1. I think probably late teens. I remember when I moved into a house with a kitchen in college I had trouble cooking only for one because I was used cooking for more. I was 20 when I moved into that house. I don't remember what year I started cooking but I remember why. My brother, who's two years old but apparently still a child, would come home from college or work and then beg me to make him food because he couldn't. He was too tired. -.- 

But the way my brother now lives on his own and...and I still think he doesn't know how to cook for himself. He only eats microwavable food and fast food. Boy is going to die of a heart attack before he turns 27!

2. I guess maybe fudge (does baking count?) My homemade fudge certainly takes more time and effort than anything I make. I have this specialty that I only make for Christmas that's mixed with Bailey's.
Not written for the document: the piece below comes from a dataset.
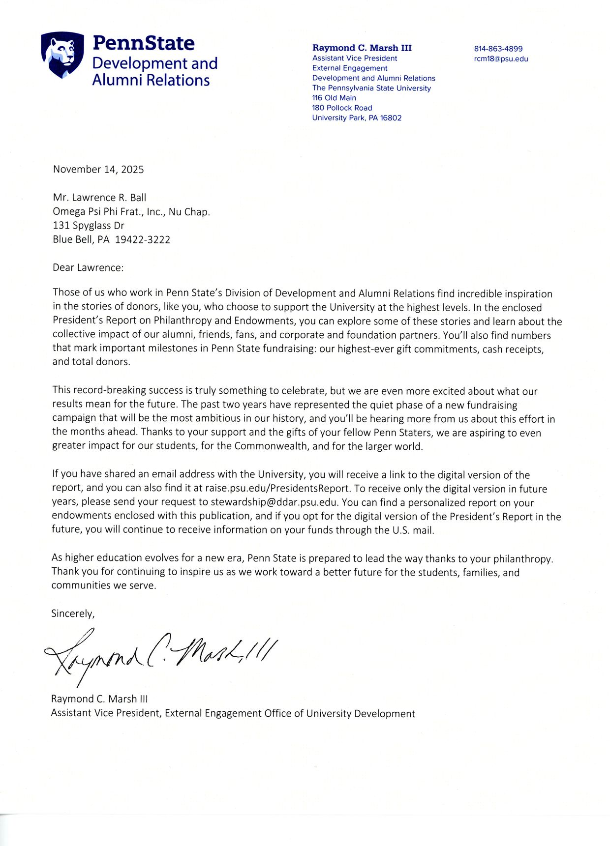 Thank you for your generous gift to the Omega Psi Phi Fraternity Nu Alumni Association Scholarship. We are thrilled to have your support. Through your donation we have been able to accomplish the establishment of an endowment and continue working towards supporting our mission to support undergraduate college students who contribute to the student body's diversity at the Pennsylvania State University and its community. You truly make the difference for us, and we are extremely grateful.

3. My dad's the good cook in the family, but he doesn't do it often. He thinks fast food or going to restaurants is more convenient (he literally just walked into the house with takeout pizza). When he did cook, though, he'd take the time to try to explain why he was doing certain things with the food. My mom, on the other hand, is a terrible cook. I still live with my parents and I've actually banned her from cooking. So basically I try to remember what dad taught me, block out everything my mother has ever said regarding food and also I follow recipe direction and listen to my taste buds. 

A random cooking thread

7 years ago
currently eating a crouton + sriracha burrito because I am literally the laziest fuck

in cali they call this the marshall mathers aka the white boy wrap

A random cooking thread

7 years ago

1. I was ten when I started making things more intricate than sticking stuff in the microwave or sandwiches. I had to become good at not burning crap when I abruptly was the oldest individual in the house for 10 hrs + through the week. I was seven when I was learning how to make cookies and cake from my mother. (I can make a wide variety of desserts that I normally don't make.) 

2. I'm super lazy and don't have enough patience to waste my time on taste buds. I suppose it would be tacos. (About seven things in the spices for the meat, cutting lettuce, cooking meat, et cetera. Nothing very intricate.) Most the time, it's ramen noodles or scramble egg+toast sandwiches since that stuff's fast.

3. I learned from my parents (mostly my mom) and reading recipes (mostly my mom's).

A random cooking thread

7 years ago

I'm okay at cooking
1) I was about 5 when I started making my own sandwiches and such, and when I was 9 I started cooking on the stove
2) Sushi ;D
3) Mostly myself and my dad, My grandma has helped too. My mmom only makes lentils and rice and such, So I don't know how I have survived.

I have only cut my finger a few times, I am getting better; My best is baking, I can make most basic desserts without viewing any recipes. Yet I have been the cause of a few almost fires.

A random cooking thread

7 years ago

Interesting, I also like Sushi but unlike you I don't think I've tried making it yet.